1. Select relevant columns: `title` and `overview`.
2. Handle missing values by filling them with an empty string.
3. Combine or transform the data as needed for search.

In [5]:
# Preprocess the data
df = df[['title', 'overview']].dropna(subset=['title'])
df['overview'] = df['overview'].fillna('')

# Inspect the processed data
df.head()

Unnamed: 0,title,overview
0,Toy Story,"Led by Woody, Andy's toys live happily in his ..."
1,Jumanji,When siblings Judy and Peter discover an encha...
2,Grumpier Old Men,A family wedding reignites the ancient feud be...
3,Waiting to Exhale,"Cheated on, mistreated and stepped on, the wom..."
4,Father of the Bride Part II,Just when George Banks has recovered from his ...


### Step 3: Implement the Search Function

Write a function `search(query, n, engine='tfidf')` that retrieves the top-N results for a given query using the specified search engine:

1. **TF-IDF**: Use `TfidfVectorizer` to compute similarity scores.
2. **Sentence Transformers** (optional): Use pre-trained embeddings for semantic search.

#### Hint:
- Compute the similarity between the query and all movie overviews.
- Sort the results by similarity and return the top-N titles.

In [14]:
def search(query, n=5, engine='tfidf'):
    overviews = df['overview'].tolist()
    titles = df['title'].tolist()

    if engine == 'tfidf':
        # TF-IDF vectorization
        vectorizer = TfidfVectorizer(stop_words='english')
        tfidf_matrix = vectorizer.fit_transform(overviews)
        query_vector = vectorizer.transform([query])
        # Compute cosine similarity
        similarities = cosine_similarity(query_vector, tfidf_matrix).flatten()
    else:
        raise ValueError("Unsupported engine. Only 'tfidf' is available.")
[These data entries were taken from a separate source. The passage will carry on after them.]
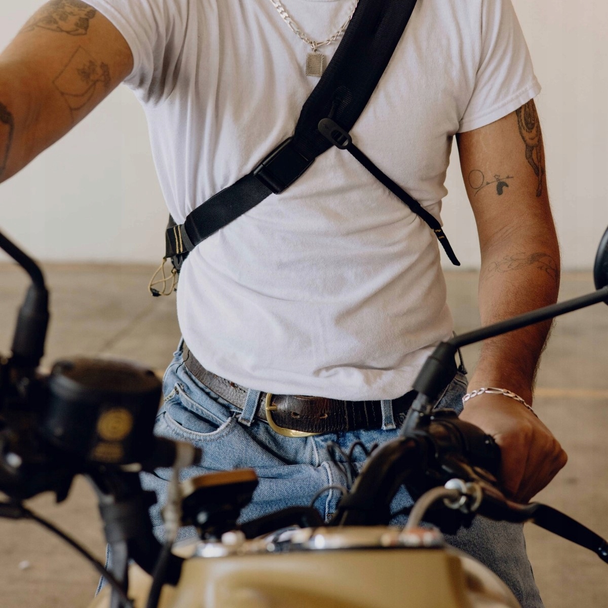 - Плечевой ремень имеет низкопрофильный профиль. нейлоновая пряжка, которой можно управлять одной рукой.
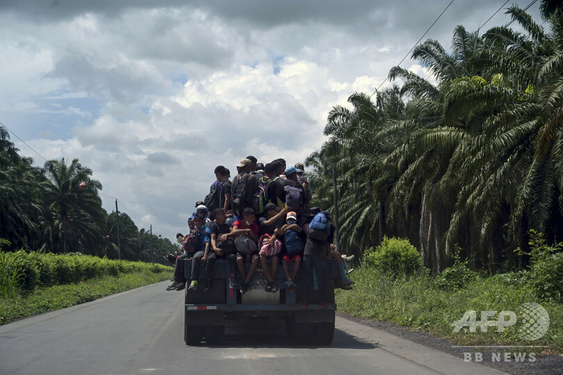 移民ら数十人は、ヒッチハイクをして大型の平床トラックの後部に乗り込み、メキシコに向かった。
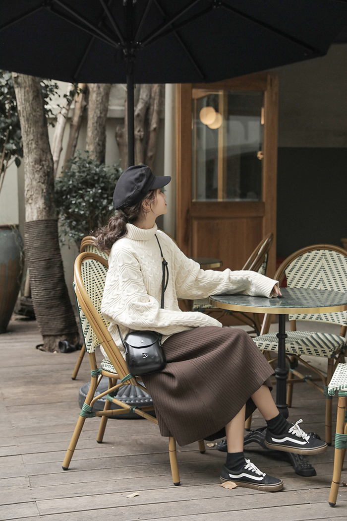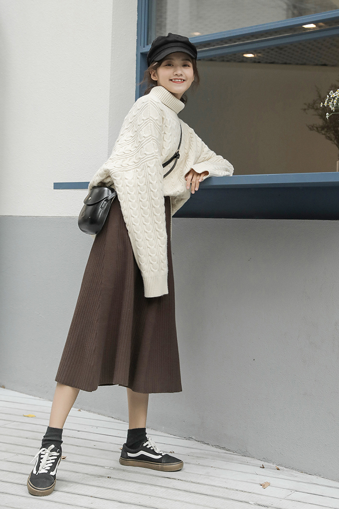 ウエストはゴムで履きやすく、ハイウエストでリブ編みなのですらっとした印象に仕上がります。
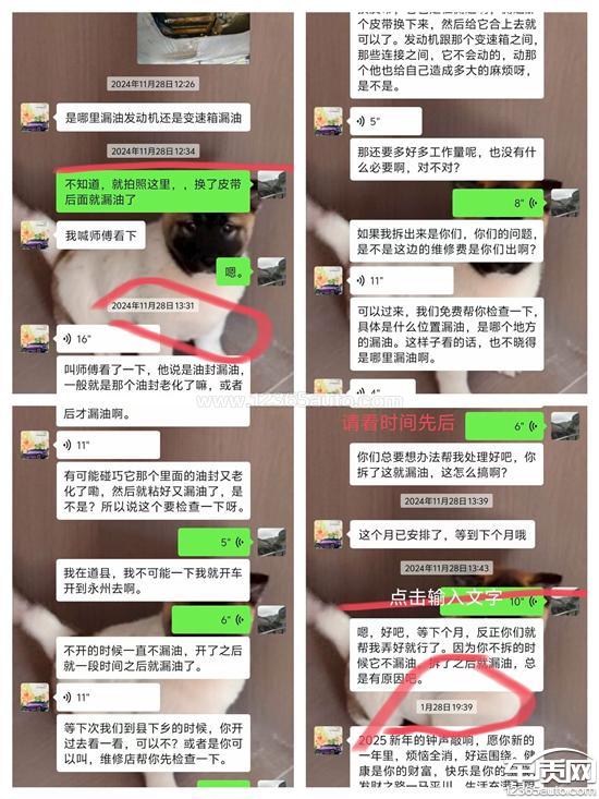 事情的经过是2023年的时候那个厂家招回这款车,然后叫我们回去免费放一个正时皮带,然后换了以后我们也没有看,我们正常的人是不会趴在那个地上去看那个动力漏不漏油的,后面的时候我们在这里看车的时候,然后人家就告诉我们那个维修师傅就告诉我们,他说你的动力漏油,打开那个盖全是油,然后我们问那个4s店,4s店的工作人员,他说是他们的问题,他们会负责的,但是后面的时候嗯叫他帮我们看的时候多次约他都不予以处理。然后现在我们的车在广东省然后我们买车是是在湖南永州的4s店,然后现在一直不予以处理售后,他说我们已经过了保修期,当时反馈问题的时候还拍了照给他,但是他一直没有处理现在导致超出了10万km,然后超出了6年,请帮我处理一下这个问题。嗯,车已经坏了,有一个礼拜了,我投诉到厂家,厂家也一直没有给我正确的回复,他要我们把车拖回永州去修去看,他是这样说的,而且他只出手工费,配件的钱还要我们自己买,我们要求他在我们现在车坏的那个当地的4s店修,行不行?
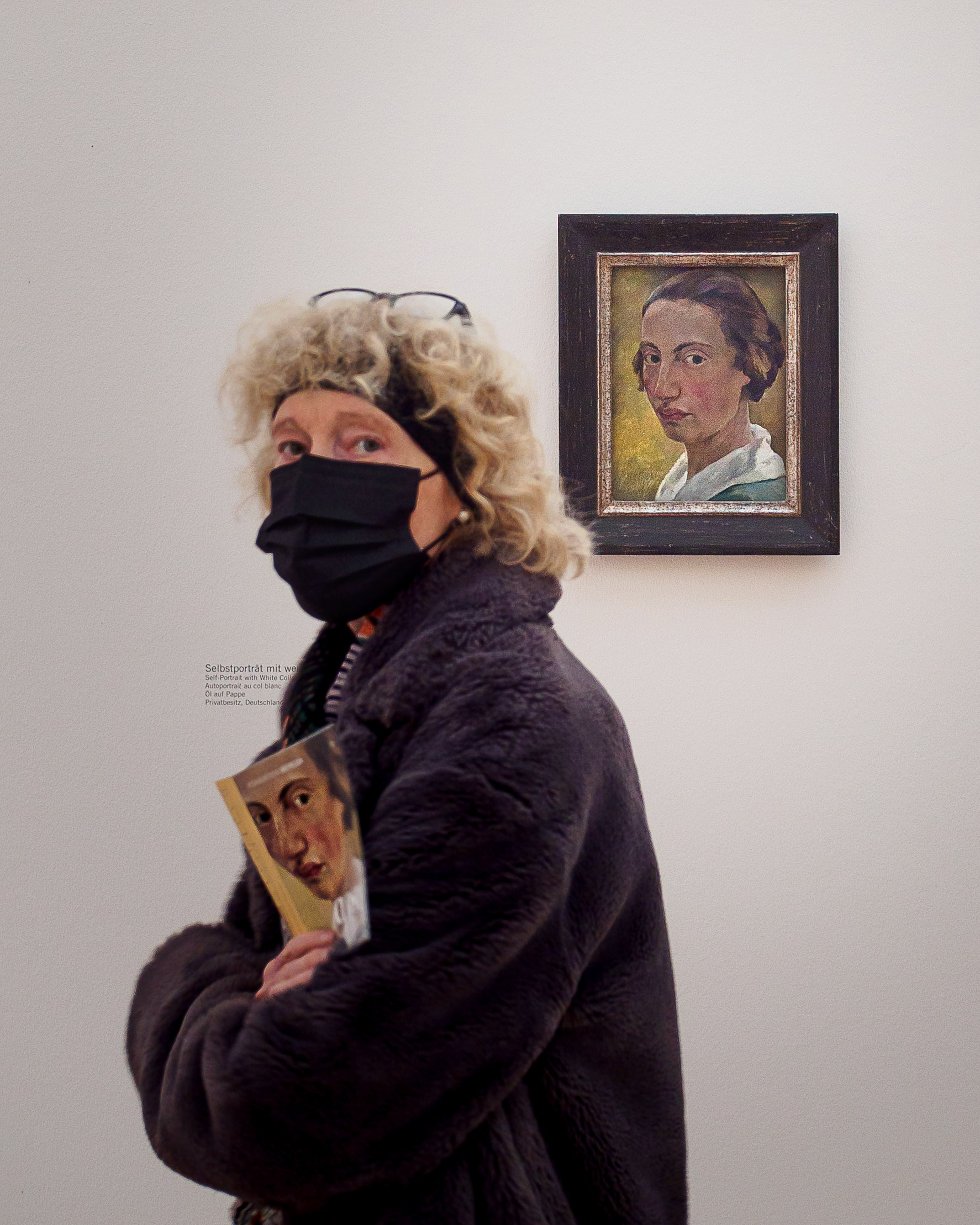 In this case I had just photographed the painting with the artist's name, Lotte Laserstein, for reference, and set myself up to capture one or more viewers looking at the painting and the painting looking straight past them. But then serendipity had a much better idea!

    # Get top-N indices sorted by similarity
    top_indices = similarities.argsort()[::-1][:n]
    # Retrieve corresponding titles
    top_titles = [titles[i] for i in top_indices]

    return top_titles


### Step 4: Test Your Function

Use different queries to test your search function. Verify the quality of the results and experiment with varying `n` values.

In [15]:
# Example usage of the search function
query = 'space adventure'
top_n = 5
results = search(query, n=top_n, engine='tfidf')
print(f"Top {top_n} results for query '{query}':", results)
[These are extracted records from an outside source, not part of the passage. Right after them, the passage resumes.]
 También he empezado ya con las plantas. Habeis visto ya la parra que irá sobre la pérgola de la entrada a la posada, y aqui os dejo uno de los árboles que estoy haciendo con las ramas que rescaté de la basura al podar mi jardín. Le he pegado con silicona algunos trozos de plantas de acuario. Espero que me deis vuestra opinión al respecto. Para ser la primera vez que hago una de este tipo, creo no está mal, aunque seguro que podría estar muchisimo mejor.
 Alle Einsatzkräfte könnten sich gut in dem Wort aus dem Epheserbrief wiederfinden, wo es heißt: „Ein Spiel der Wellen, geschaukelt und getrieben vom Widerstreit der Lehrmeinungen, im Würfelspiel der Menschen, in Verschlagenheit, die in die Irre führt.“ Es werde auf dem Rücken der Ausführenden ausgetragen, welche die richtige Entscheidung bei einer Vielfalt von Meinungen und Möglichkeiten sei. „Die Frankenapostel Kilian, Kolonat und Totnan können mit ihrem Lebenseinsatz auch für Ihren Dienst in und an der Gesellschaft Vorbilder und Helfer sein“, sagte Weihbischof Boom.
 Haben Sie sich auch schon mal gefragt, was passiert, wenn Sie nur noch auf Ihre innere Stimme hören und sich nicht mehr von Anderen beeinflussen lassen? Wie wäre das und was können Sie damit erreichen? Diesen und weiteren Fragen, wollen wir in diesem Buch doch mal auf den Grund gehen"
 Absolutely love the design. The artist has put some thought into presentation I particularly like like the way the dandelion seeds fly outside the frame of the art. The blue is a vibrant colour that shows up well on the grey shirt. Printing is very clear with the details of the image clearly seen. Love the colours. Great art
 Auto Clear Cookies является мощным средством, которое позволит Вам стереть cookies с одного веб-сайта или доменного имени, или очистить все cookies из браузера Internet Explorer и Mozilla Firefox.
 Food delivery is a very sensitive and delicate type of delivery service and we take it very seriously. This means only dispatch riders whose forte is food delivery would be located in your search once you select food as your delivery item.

Top 5 results for query 'space adventure': ['Manhunt in Space', 'Hail Columbia!', 'Space Station 3D', 'Space Pirate Captain Harlock', 'The Visit: An Alien Encounter']


### Step 5: Plot query and top documents

Plot the query and top retrieved documents or all documents to visualize the retrieval

In [None]:
# TODO

### Step 6: Compare engines

Compare the results of the same query using different engines.
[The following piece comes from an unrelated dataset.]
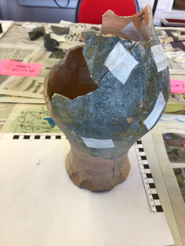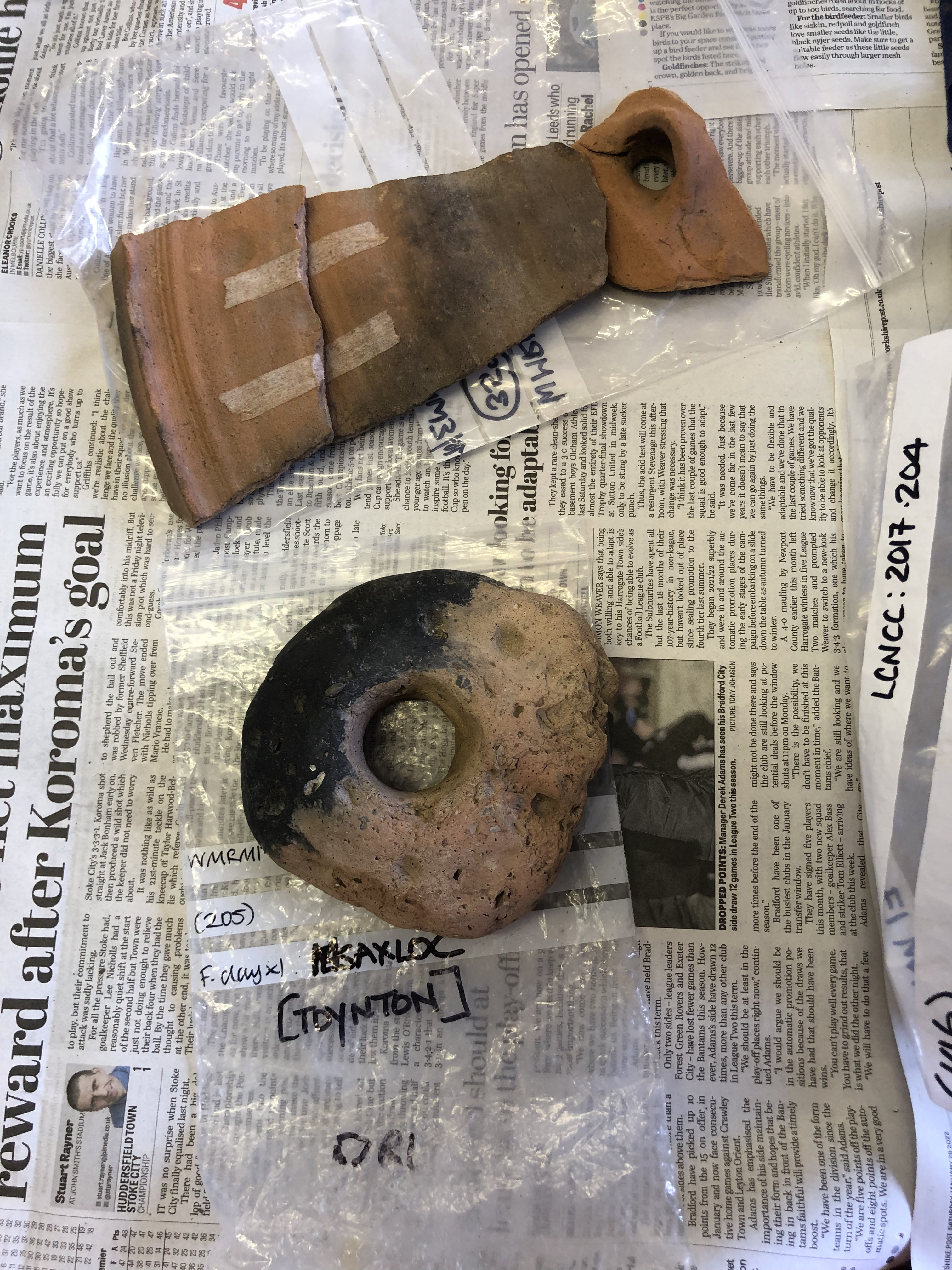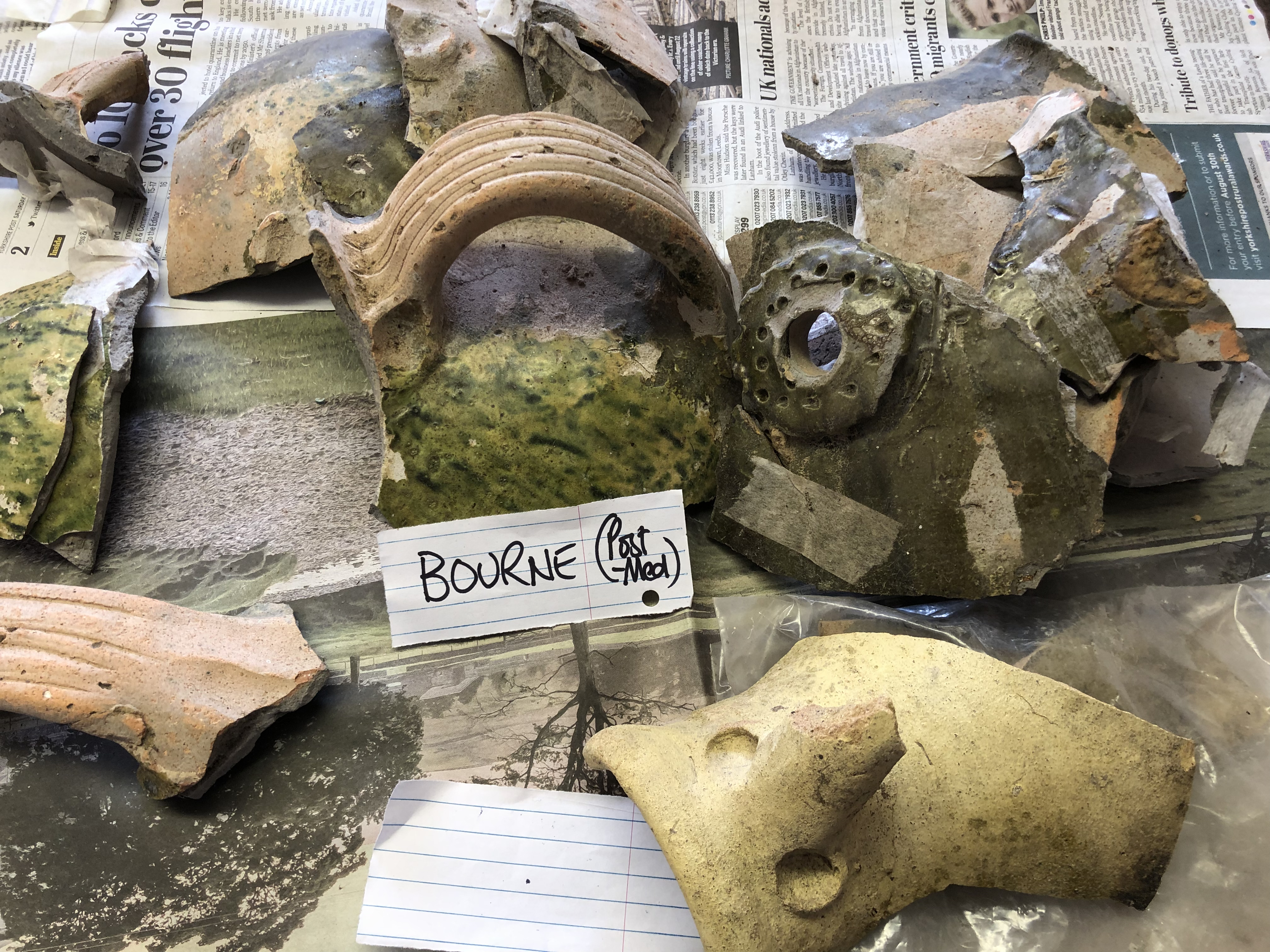 A small group of us have been working with archaeological ceramics expert Jane Young to record and identify the Medieval fabrics we have been finding. We visited Jane’s workshop recently and saw some wonderful finds. A few examples belwo include Toynton Ware (spindle whorl) Potterhanworth jar, Bourne Ware, Midlands Purple, and on the top left Thetford ware from L9th – mid 12th.

Note: there are multiple ways of doing this, the simpler one is comparing the intersection of top-K (k = 5, 10 or 30) from each engine.

In [None]:
#TODO

### Questions to Think About:

1. How does the choice of similarity measure affect the results?
2. What happens when you use different queries?
3. Can you improve the results by incorporating additional metadata, such as genres?